(PROVIDED RECORDS)

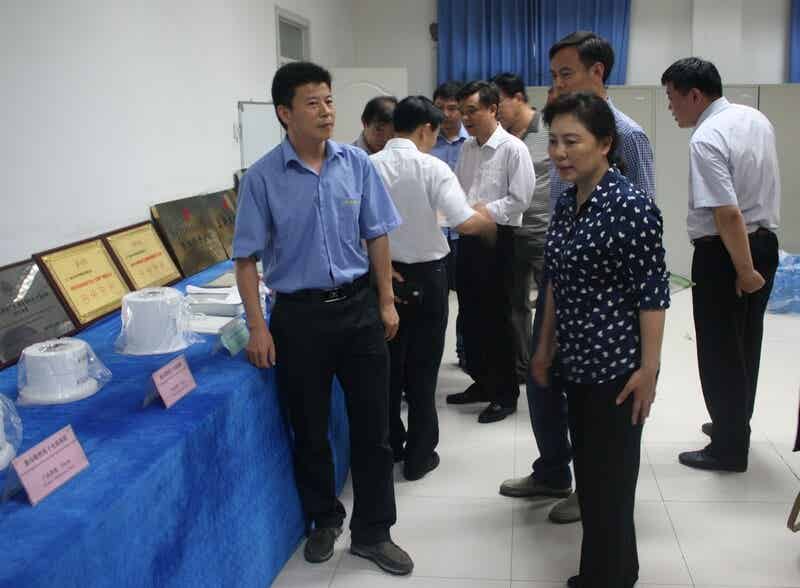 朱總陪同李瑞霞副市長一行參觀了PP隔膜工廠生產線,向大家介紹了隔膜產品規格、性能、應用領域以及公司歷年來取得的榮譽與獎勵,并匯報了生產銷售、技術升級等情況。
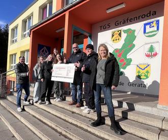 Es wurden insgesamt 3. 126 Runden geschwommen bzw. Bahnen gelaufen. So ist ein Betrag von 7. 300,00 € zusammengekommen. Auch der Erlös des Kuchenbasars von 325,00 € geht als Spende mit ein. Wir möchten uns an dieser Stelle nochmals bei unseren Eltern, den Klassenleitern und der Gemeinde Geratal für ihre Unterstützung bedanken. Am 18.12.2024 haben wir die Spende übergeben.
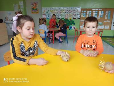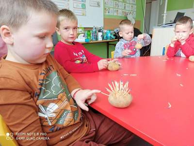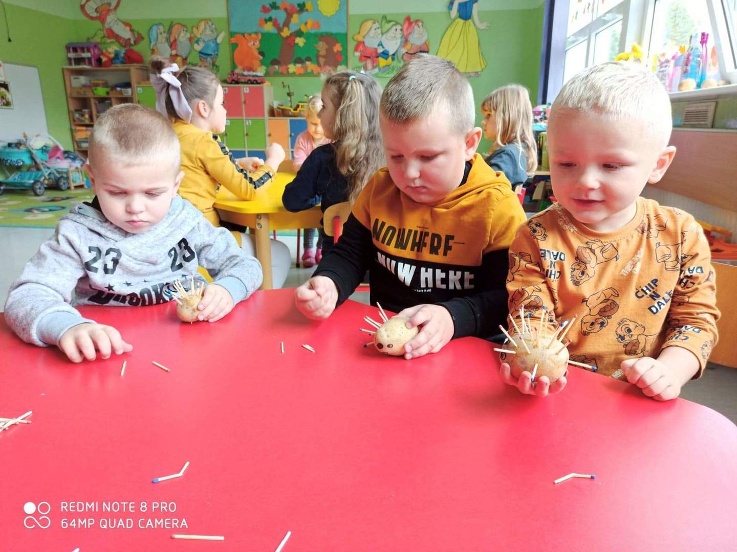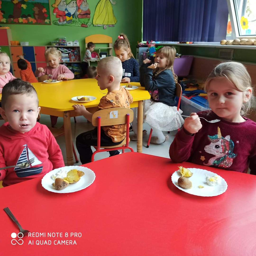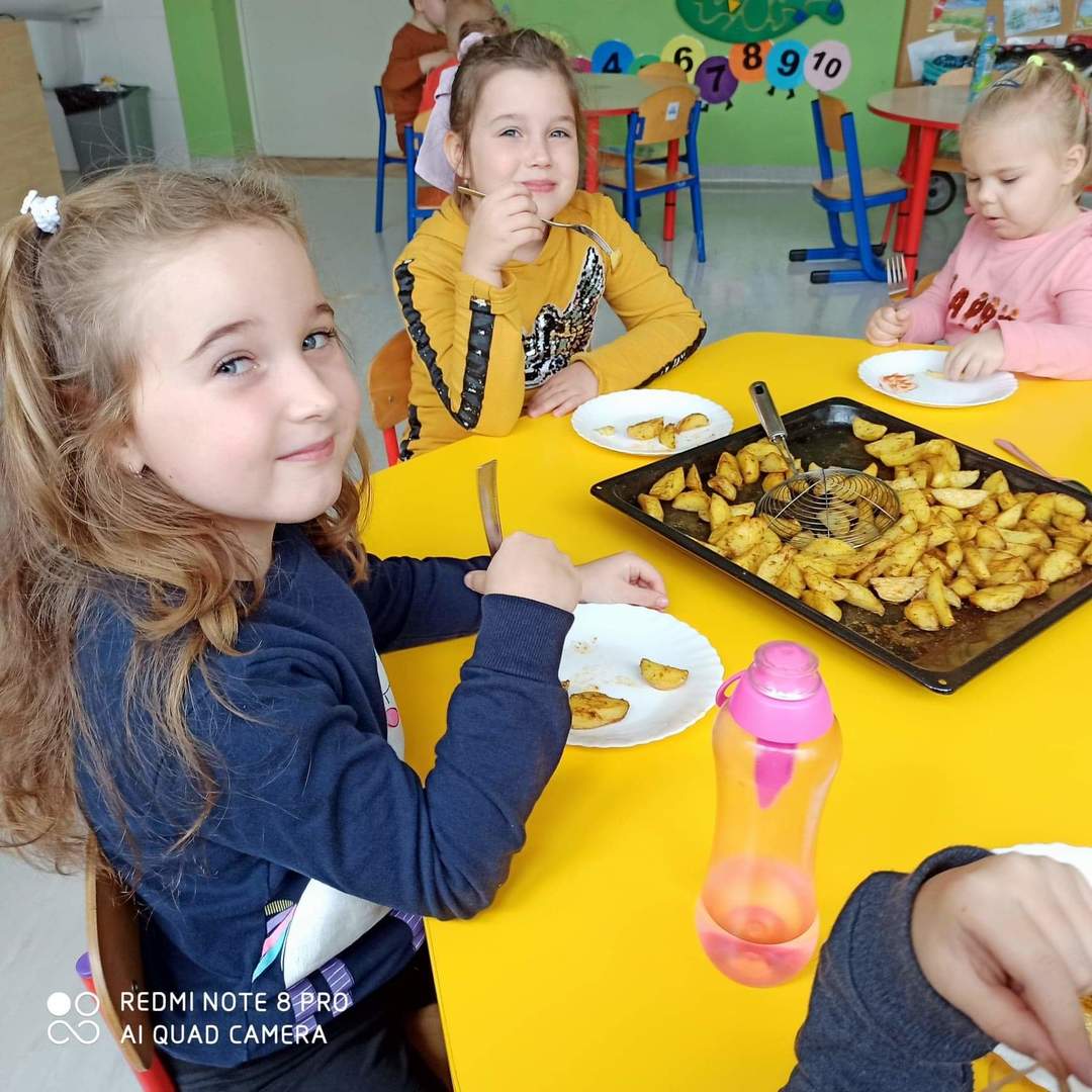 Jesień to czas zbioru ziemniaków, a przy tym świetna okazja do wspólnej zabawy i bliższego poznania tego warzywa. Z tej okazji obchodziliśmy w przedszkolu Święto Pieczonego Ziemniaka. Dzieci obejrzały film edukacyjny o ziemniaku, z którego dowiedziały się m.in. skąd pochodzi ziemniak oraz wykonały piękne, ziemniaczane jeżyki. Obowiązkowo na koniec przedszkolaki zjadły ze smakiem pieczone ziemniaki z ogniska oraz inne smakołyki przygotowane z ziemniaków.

(End PROVIDED RECORDS)
(PROVIDED RECORDS)

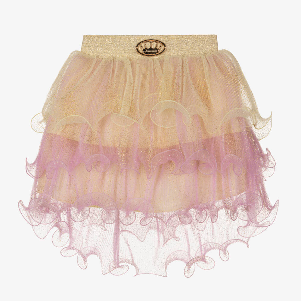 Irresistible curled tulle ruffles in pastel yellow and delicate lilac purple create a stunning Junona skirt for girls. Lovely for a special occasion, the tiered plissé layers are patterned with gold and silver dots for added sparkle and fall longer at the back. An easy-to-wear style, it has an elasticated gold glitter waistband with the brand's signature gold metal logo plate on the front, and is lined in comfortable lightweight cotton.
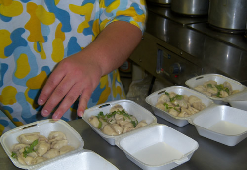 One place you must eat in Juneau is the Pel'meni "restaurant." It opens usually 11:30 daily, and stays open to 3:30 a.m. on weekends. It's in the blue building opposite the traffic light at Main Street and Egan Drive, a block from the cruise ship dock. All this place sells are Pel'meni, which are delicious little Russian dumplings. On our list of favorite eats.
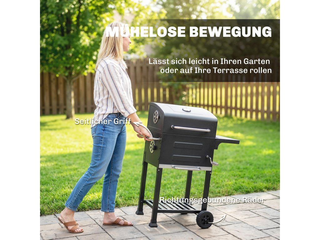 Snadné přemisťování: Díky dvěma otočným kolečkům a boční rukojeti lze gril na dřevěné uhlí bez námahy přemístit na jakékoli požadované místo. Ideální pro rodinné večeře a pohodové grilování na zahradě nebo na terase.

(End PROVIDED RECORDS)

Reproduce the listing above from the line that holds "One place you" through the line that holds "Snadné přemisťování: Díky", both included, with the pictures left out.

WRITTEN ANSWER:
 One place you must eat in Juneau is the Pel'meni "restaurant." It opens usually 11:30 daily, and stays open to 3:30 a.m. on weekends. It's in the blue building opposite the traffic light at Main Street and Egan Drive, a block from the cruise ship dock. All this place sells are Pel'meni, which are delicious little Russian dumplings. On our list of favorite eats.
 Snadné přemisťování: Díky dvěma otočným kolečkům a boční rukojeti lze gril na dřevěné uhlí bez námahy přemístit na jakékoli požadované místo. Ideální pro rodinné večeře a pohodové grilování na zahradě nebo na terase.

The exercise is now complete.